Once we were on social media, families got in contact. They all said it was great talking to nurses, but what they really wanted was to talk to another mum. I remember seeing the same mum in hospital on a lot of our visits, and knowing she had a kid who also had hydrocephalus, but being too scared to talk to her – I think she’s on our grants panel now!

It’s good getting stuff like clinical information, but what parents really want to know is what life is going to be like. So now we do informal matching, almost like dating for hydro parents. As far as possible, we match circumstances and the response to hydro. They can then get in touch and meet face to face, or we also have some lovely virtual groups.

How did the idea to create the book first come about?

Caroline: So, the book came about after thinking about that parental experience of wanting to talk to other parents and wanting to get hints and tips – how do you give that to people, but in a way that’s universally accessible? I spoke to a trustee who is a GP, and they reaffirmed how I feel – how a lot of parents feel, really, when you get any info from NHS providers, it’s just a leaflet, and it’s trying to tick every box with the information it gives you. As a document it doesn’t reflect me, my family, or anybody really, and there’s nothing to encourage me to want to read them.

We wanted to create something that would engage readers by providing that human connection. It grew holistically so instead of my initial booklet, we now have the book. We also felt families deserved a bit of a treat. It’s rubbish being told your child has this condition, and when all you get to explain it is a scrappy old leaflet, it doesn’t really make you feel like there’s much sympathy about that.

Harri: I think what makes it stand out from leaflets or bigger booklets, is that from the first moment you open it, you’re reading a foreword from Caroline – someone who knows what the experience is like is speaking to you as a mum.
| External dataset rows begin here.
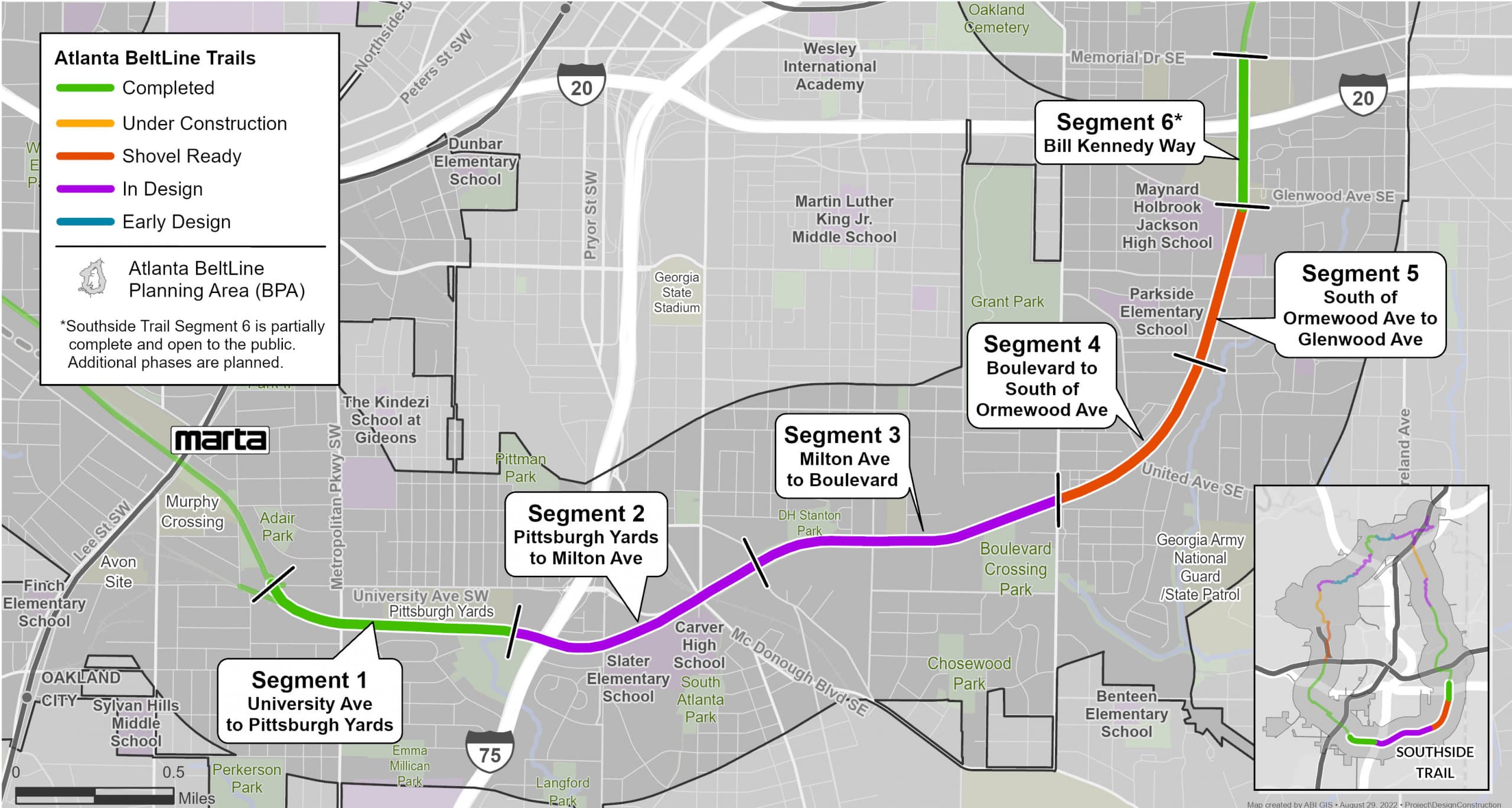 Southside Trail design and construction status as of September 2022.
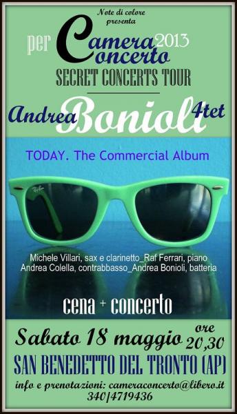 II trio presenterà il disco "TODAY. The commercial album" (Zonedimusica) ______________________________________ ABOUT ANDREA BONIOLI 4TET
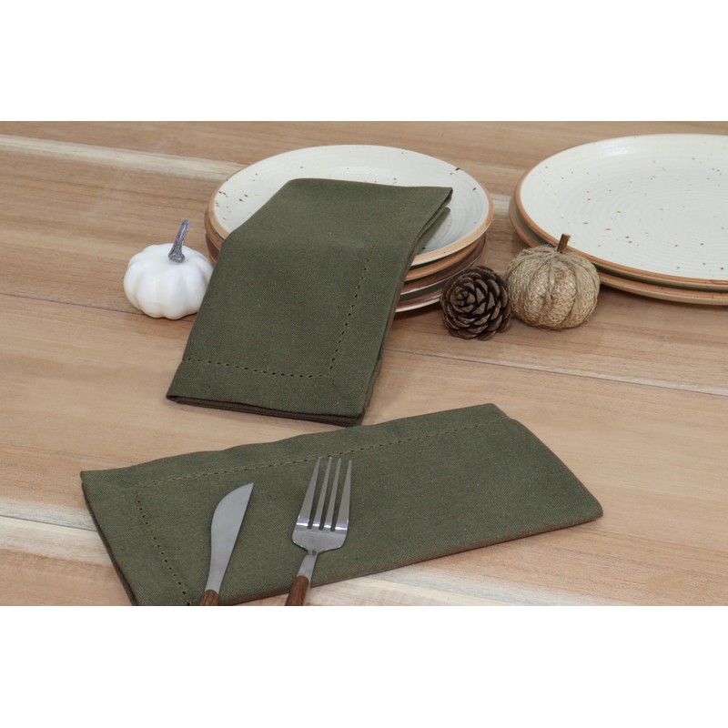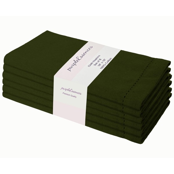 PurpleEssences Set of 6 Hemstitch Cloth Dinner Napkins 100% Cotton - Soft Durable Washable -Ideal for Events Wedding Fall Thanksgiving - Perfect Everyday Use Table Linen 18x18 - Olive Green
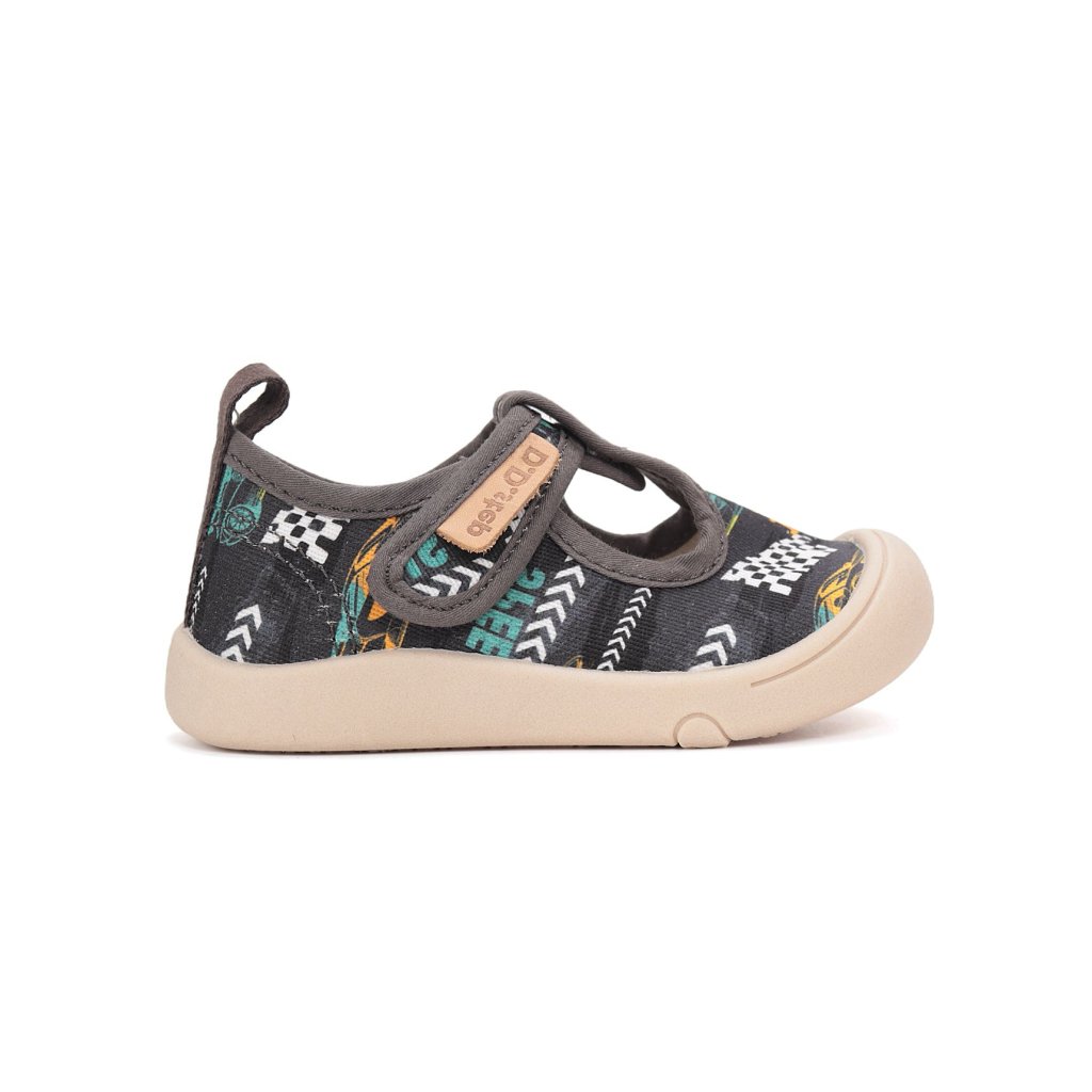 Lehký plátený materiál je prodyšný a příjemný na nošení, vhodný do školy, školky i na volnočasové aktivity. Pohodlný střih a flexibilní podrážka podporují přirozený pohyb při chůzi i hře.

We tried to keep it personable, with a lighter touch.

For the images we wanted to present it as a cosy children’s book, giving it a gentle feel rather than something using corporate jargon. Hopefully what comes across is that wouldn’t have been able to do the book without our contributors – because of those families who were open and brave enough to share, we have the book.
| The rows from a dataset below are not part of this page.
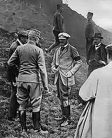 Conrad warned the Bulgarian High Command that unless local Bulgarian commanders abstained from interfering with the Austro-Hungarian administration, a conflict with his troops would be inevitable.[73] On 15 March, the Austro-Hungarians issued an order to secure Novi Pazar, and prepared to add Kosovska Mitrovica to their governorate.[74] The German chief of staff, General Erich von Falkenhayn, ordered Mackensen to mediate between the two parties. Mackensen visited Sofia in person to meet Ferdinand and Prime Minister Vasil Radoslavov. The proposed German compromise was accepted and an agreement on a demarcation line was signed between the Austro-Hungarian and Bulgarian high commands on 1 April 1916.[74]
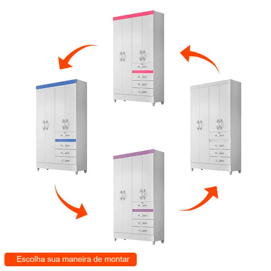 Guarda-Roupa 4 Portas Lívia 0,89 m (Menina) Barbie 404189 – MADEC/VJ MÓVEIS
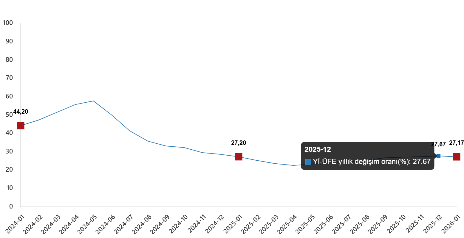 Yİ-ÜFE (2003=100) 2026 yılı Ocak ayında bir önceki aya göre %2,67 artış, bir önceki yılın Aralık ayına göre %2,67 artış, bir önceki yılın aynı ayına göre %27,17 artış ve on iki aylık ortalamalara göre %25,39 artış gösterdi.
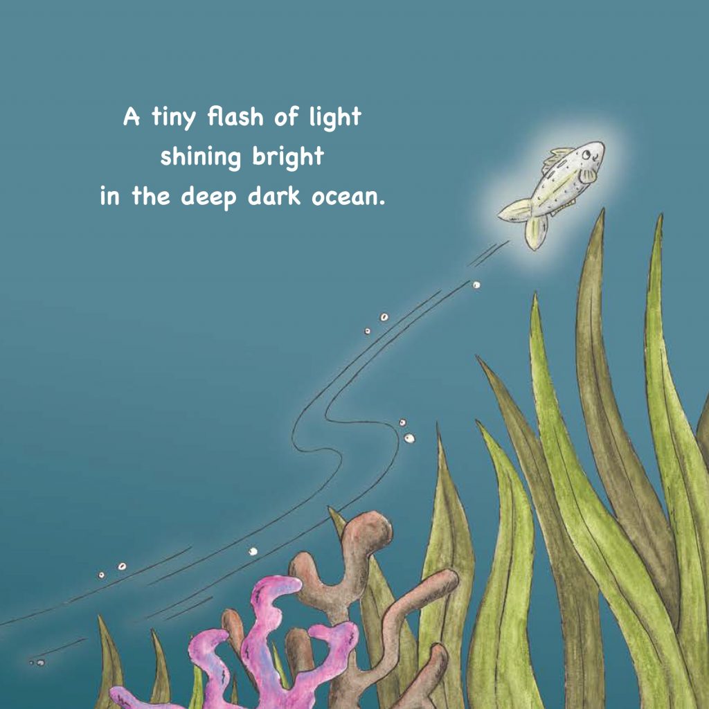 Trish the Fish may be teeny tiny but she can swim very fast. She shoots through the water – swish, swash, swoosh! A tiny flash of light shining bright in the deep dark ocean.
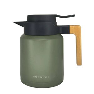 This 1.2L stainless steel carafe is insulated to preserve heat or cold and is equipped with a wood handle for easy carrying. The elegant green color adds a touch of style to any table setting. Hand wash for best results.

It was also something we had to approach quite cautiously from risk management perspective. We spoke with a neurosurgeon, as there’s no point in us producing the book if neurosurgeons are then not comfortable putting it on their wards. We want medical teams to be comfortable promoting it and sending people away with it. Because of that, we were careful to include very little medical detail about children, it’s all been anonymised and edited. Our book is definitely not meant to substitute any medical advice!

Kat: As a parent of a child with hydrocephalus, what I love about the book is that not only does it provide information for parents, but it is also in a format that can help explain things to your child when they are ready to learn about it.  Having hydrocephalus is as much about their identity as any other feature and it’s important that they understand, as they get older, about their condition, what it is and what it means.